The state’s new auto sales regulation was written by the California Air Resources Board (CARB) and introduced to the public via a news conference Wednesday. It will require that all new passenger vehicles reach a zero greenhouse gas emissions target by 2035, effectively requiring California drivers to opt for electric cars (or buy a gas vehicle out of state). Legislators set two deadlines along the way: by 2026, 35 percent of new vehicles must produce zero emissions. In 2030, that number jumps to 68 percent. The regulation leaves a little bit of wiggle room for plug-in hybrids, which can make up a maximum of 20 percent of new car sales after 2035. Eligible hybrids will need to be capable of running at least 50 miles on batteries before using gas. Used car sales will be unaffected.
The regulation is expected to cut California’s greenhouse gas output in half by 2040. Prior to that, it’ll reduce the presence of smog-forming nitrogen oxides by at least 25 percent.
“The climate crisis is solvable if we focus on the big, bold steps necessary to stem the tide of carbon pollution,” Governor Gavin Newsom said Wednesday during the news conference. “California now has a groundbreaking, world-leading plan to achieve 100 percent zero-emission vehicle sales by 2035. It’s ambitious, it’s innovative, it’s the action we must take if we’re serious about leaving this planet better off for future generations.”
The final step in cementing the new regulation is to send it to the Environmental Protection Agency (EPA), where it’s expected to be signed without issue. Though California is allowed the unique ability to regulate car sales in a way no other state can, other states, like New York, New Jersey, and Washington, are expected to follow California’s lead as closely as they can.

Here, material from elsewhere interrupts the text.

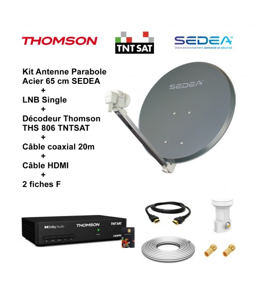 Kit Antenne Parabole Acier 65 cm 36,5 dB Anthracite SEDEA + LNB Single Full HD 4K Ultra HD + Décodeur Thomson THS 806 TNTSAT + Câble coaxial 20m + Câble HDMI + 2 Fiches F.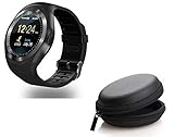 GPS#7: Tronomy Touch Screen Bluetooth Smart Watch with SIM Card & Sd Card Slot with Round Pouch Earphone Carrying Case for Honor 7X & iPhone 8 Plus Mobile

The restrictions will no doubt have some drivers upset over the loss of their favorite gas-powered models, but if capitalism truly drives innovation (pun not intended), automakers will find a way to bring those fan favorites back to life. In fact, they already are: Last week Dodge announced an all-electric Charger, which is expected to hit dealerships in 2024. Ford, meanwhile, is poised to put out a relatively affordable electric version of the F-150, called the F-150 Lightning; on the other end of the budget spectrum, an electric iteration of the traditionally gas-guzzling Land Rover will hit streets next year.